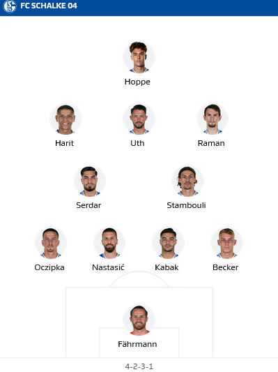 Schalke: Fahrmann - Becker, Kabak, Nastasic, Oczipka - Stambouli, Serdar - Raman, Uth, Harit - Hoppe.
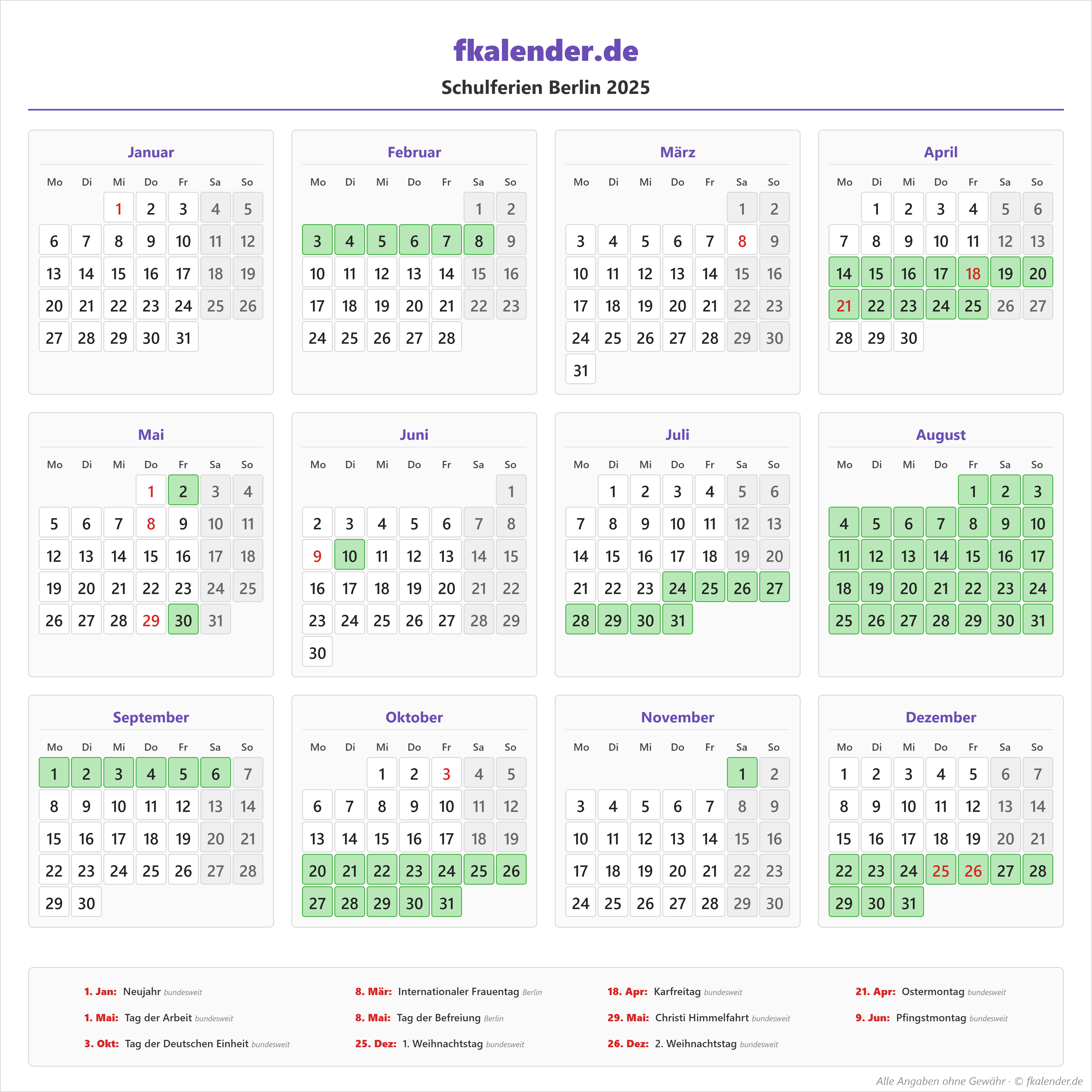- Osterferien: 14.04.2025 - 25.04.2025+02.05.2025+30.05.2025
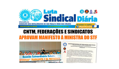 Na sexta, 17, em Reunião Extraordinária da diretoria executiva da CNTM, para debate sobre as reformas trabalhista e previdenciária e a estratégia para resistir às ameaças aos direitos dos trabalhadores, representantes dos sindicatos e federações de metalúrgicos participantes aprovaram um manifesto à ministra Rosa Weber, do Supremo Tribunal Federal, reafirmando o apoio e concordância com […]
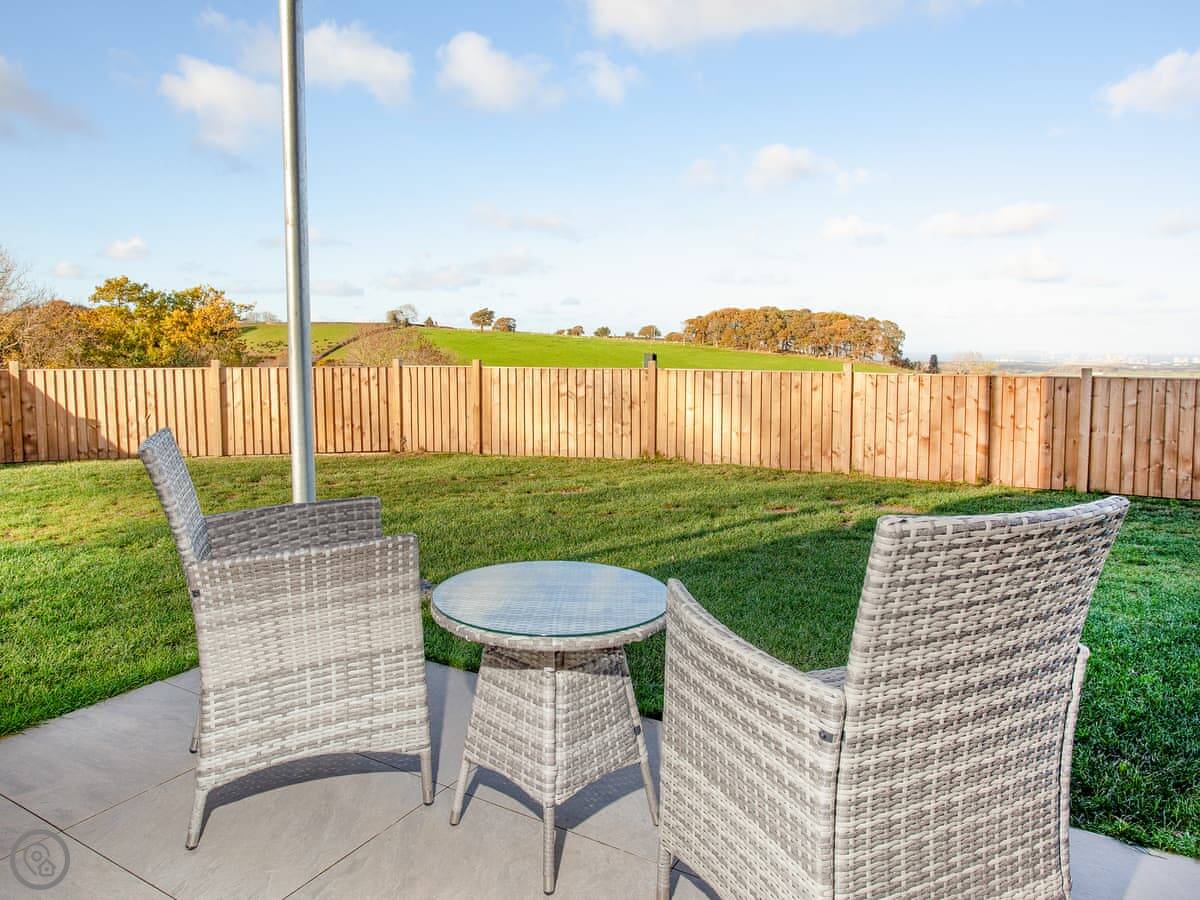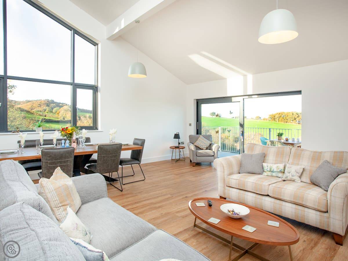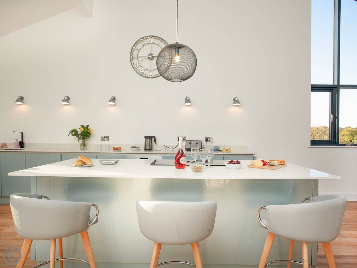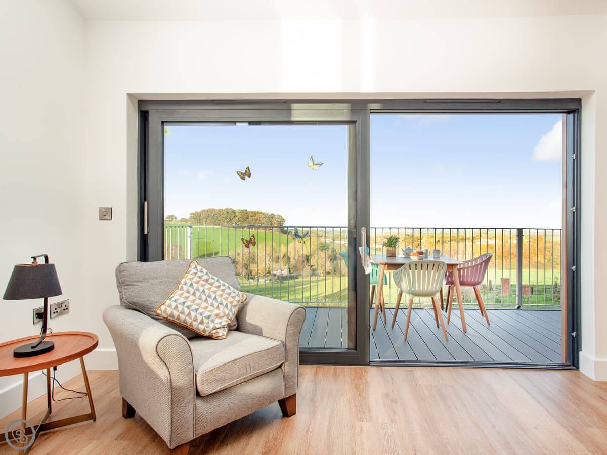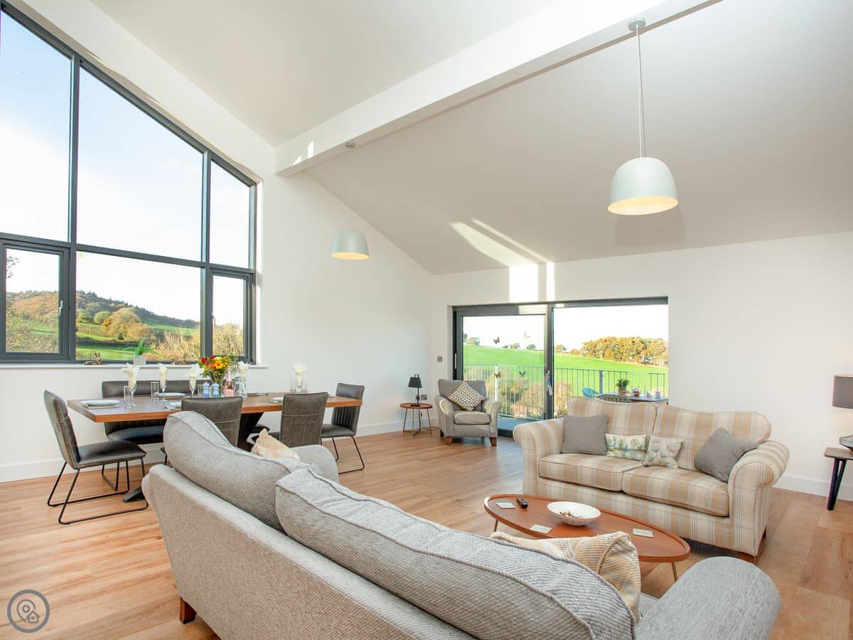 The layout is upside-down. The bedrooms are on the ground floor. You live upstairs in the big open-plan kitchen and living area. The reason for that is the view. You can see right out over the fields to the coast. On a good day, you can see Glastonbury Tor in the distance. There are doors out to a balcony from the living area.

• • • • •

TASK TO COMPLETE → All lines from the line with "- Osterferien: 14.04.2025" through the final line of the listing are to be printed exactly, both ends included; the pictures are not.

EXERCISE SOLUTION →
- Osterferien: 14.04.2025 - 25.04.2025+02.05.2025+30.05.2025
 Na sexta, 17, em Reunião Extraordinária da diretoria executiva da CNTM, para debate sobre as reformas trabalhista e previdenciária e a estratégia para resistir às ameaças aos direitos dos trabalhadores, representantes dos sindicatos e federações de metalúrgicos participantes aprovaram um manifesto à ministra Rosa Weber, do Supremo Tribunal Federal, reafirmando o apoio e concordância com […]
 The layout is upside-down. The bedrooms are on the ground floor. You live upstairs in the big open-plan kitchen and living area. The reason for that is the view. You can see right out over the fields to the coast. On a good day, you can see Glastonbury Tor in the distance. There are doors out to a balcony from the living area.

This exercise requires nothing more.